Testing it on out of distribution examples seems helpful. If an AI still acts as if it follows human values out of distribution, it probably truly cares about human values. For AI with situational awareness, we can probably run simulations to an extent (and probably need bootstrap this after a certain capabilities threshold)
How about an argument in the shape of:
we’ll get good evidence of human-like alignment-relevant concepts/values well-represented internally (e.g. Scaling laws for language encoding models in fMRI, A shared linguistic space for transmitting our thoughts from brain to brain in natural conversations); in addition to all the cumulating behavioral evidence
we’ll have good reasons to believe alternate (deceptive) strategies are unlikely / relevant concepts for deceptive alignment are less accessible: e.g. through evals vs. situational awareness, through conceptual arguments around speed priors and not enough expressivity without CoT + avoiding steganography + robust oversight over intermediate text, by unlearning/erasing/making less accessible (e.g. by probing) concepts relevant for deceptive alignment, etc.

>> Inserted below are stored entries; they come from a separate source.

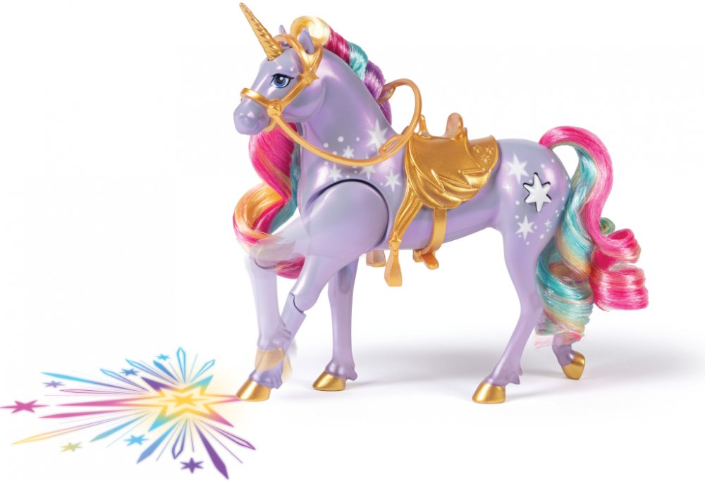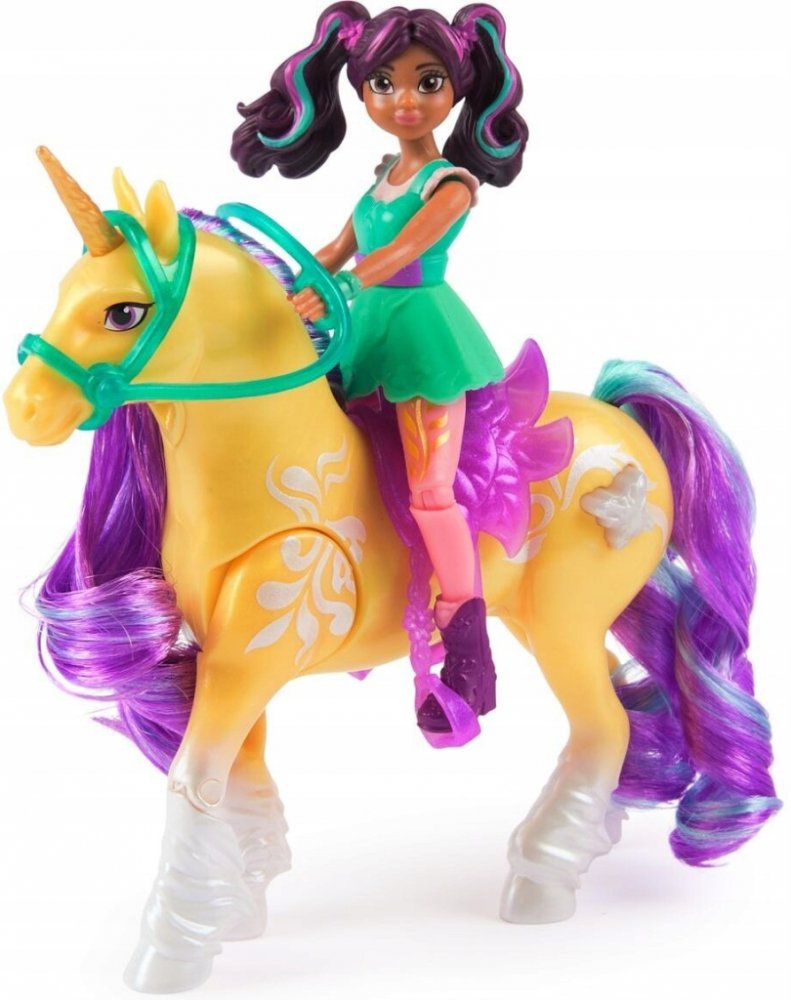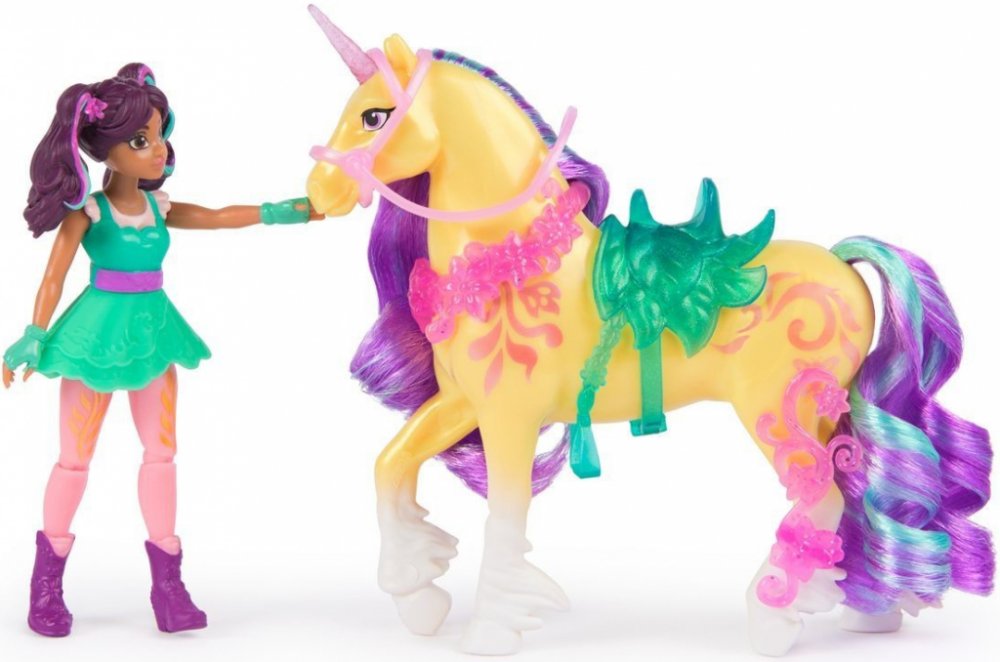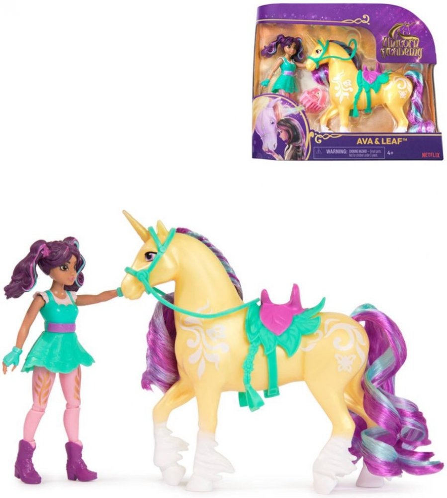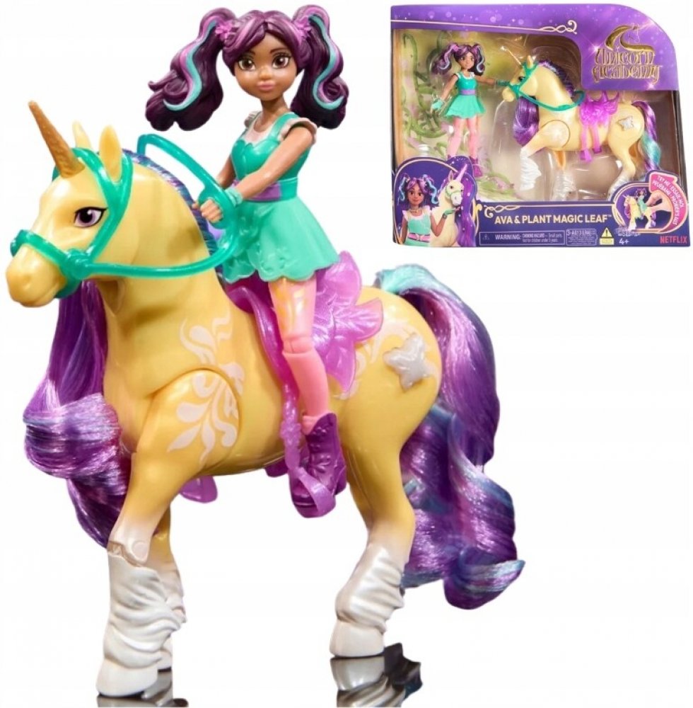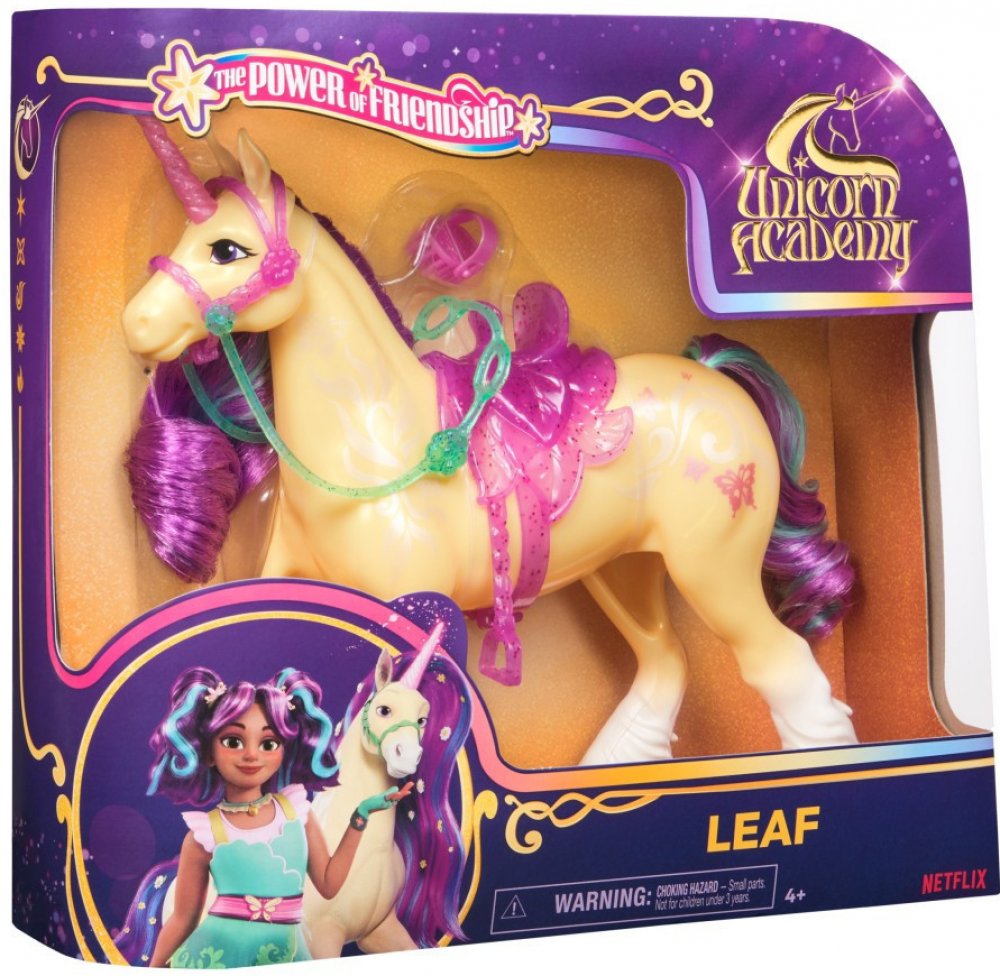 Doplňte svou sbírku panenek z Jednorožčí akademie o Avina jednorožce LEAF! Díky této bezmála 28cm hračce na motivy animovaného seriálu od NETFLIXu podle bestsellerové knižní série, kde přátelství drží otěže osudu, laskavý a milující Lístek opravdu ožije. Lístek disponuje krásnými detaily, perleťovými znaky rostlinné magie na boku, majestátním třpytivým rohem, barevnou hřívou a ocasem a odnímatelnou uzdou a sedlem pro ještě více zábavy. Jemně posuňte Lístkovu hlavu, abyste probudili jeho osobnost a spolu s Avou znovu prožili magický zážitek sblížení jednorožce a jezdce. Vykartáčujte LEAFOVU měkkou hřívu a ocas pomocí Avina stylingového hřebenu (není součástí balení, prodává se samostatně s panenkou) a vydejte se za dobrodružstvím, abyste ochránili Jednorožčí ostrov a jeho kouzlo! Chcete-li objevit všechny způsoby, jak si užít svět Jednorožčí akademie se svými oblíbenými postavami, prohlédněte si panenky Sofie a Isabel a jejich jednorožců světelné duhové Polárky a Řeky (prodávají se samostatně) a rozšiřte svůj kouzelný svět. Kouzelné pouto mezi studenty Jednorožčí akademie a jejich jednorožci rozproudí nekonečné příběhy plné dětské představivosti. Určeno pro děti, které mají rády jednorožce a koně, panenky a doplňky, hračky pro panenky, sběratelské předměty, plyšové hračky a další. Hračky s tematikou Jednorožčí akademie jsou perfektním dárkem pro dívky k narozeninám nebo jakékoli jiné příležitosti.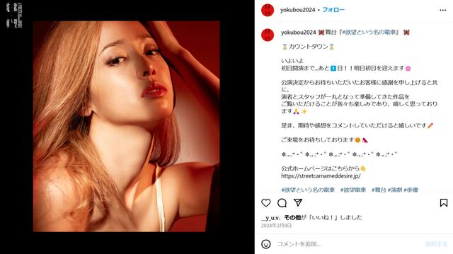 「地上波ドラマに復帰してほしい俳優」ランキング、香川照之を抑えた「悪女役」が見たい美貌あふれる女優は【トップ3】 ピンズバNEWS編集部 2025.3.15 テレビドラマ 女優 俳優 (4/4ページ) 1ページ目から読む ■【画像】4年ぶり女優復帰でみせた変わらぬ美貌の流し目ショット 昨年上演された舞台『欲望という名の電車』で変わらぬ美貌と演技で、観客を魅了した沢尻エリカ。 舞台『欲望という名の電車』公式インスタグラムより この画像の記事を読む 1 2 3 4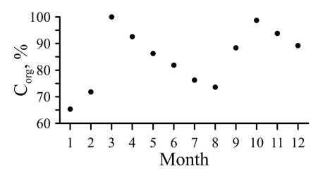 A comparable distribution of organic and inorganic forms of carbon revealed that the organic component is also characterized by pronounced seasonality, with maxima in March and October (Fig. 4). During the first period, a gradual decline in the Corg share was observed, reaching a reduction of 25% from March to August. In contrast, during the second period, a sharper decline in the Corg share was noted from October to January.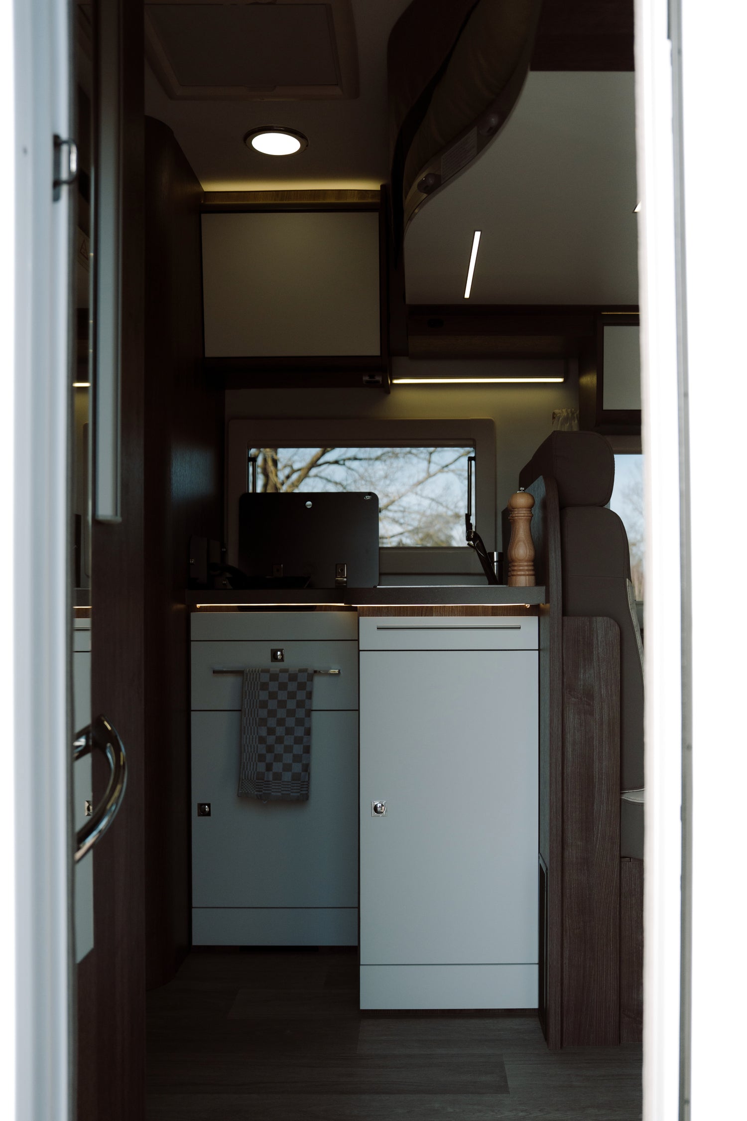 De keuken is praktisch ingericht en voorzien van voldoende werk- en bergruimte. Met het gasfornuis, de spoelbak en de koelkast heb je alles bij de hand om onderweg te koken. Slimme kastjes maken het geheel overzichtelijk.

we have some evidence for priors in favor of fine-tuning favoring strategies which make use of more accessible concepts, e.g. Predicting Inductive Biases of Pre-Trained Models, Reinforcement Learning Fine-tuning of Language Models is Biased Towards More Extractable Features.
For 1 it would depend on how alignment-relevant the concepts and values are. Also I wouldn’t think of the papers you linked as much evidence here.
For 2, that would for sure do it, but it doesn’t feel like much of a reduction.
3 sounds like it’s maybe definitionally true? At the very least, I don’t doubt it much.
Interesting, I’m genuinely curious what you’d expect better evidence to look like for 1.
So I just skimmed the abstracts you linked so maybe I was too hasty there, but I’d want to see evidence that (a) a language model was representing concept C really well and (b) it’s really relevant for alignment. I think those papers show something like “you can sort of model brain activations by language model activations” or “there’s some embedding space for what brains are sort of doing in conversation” which seems like a different thing (unless the fit is good enough that you can reconstruct one from the other without loss of functionality, then I’m interested).
Makes sense. Just to clarify, the papers I shared for 1 were mostly meant as methodological examples of how one might go about quantifying brain-LLM alignment; I agree about b), that they’re not that relevant to alignment (though some other similar papers do make some progress on that front, addressing [somewhat] more relevant domains/tasks—e.g. on emotion understanding—and I have/had an AI safety camp ’23 project trying to make similar progress—on moral reasoning). W.r.t. a), you can (also) do decoding (predicting LLM embeddings from brain measurements), the inverse of encoding; this survey, for example, covers both encoding and decoding.
Would any of these count for you?
We have promising alignment plans with low taxes
Each of the three plans I mention are attempts to put the “understanding” part into the “wanting” slot (a “steering subsystem” that controls goals for decision-making purposes) in a different AGI design. That brief post links to somewhat more detailed plans.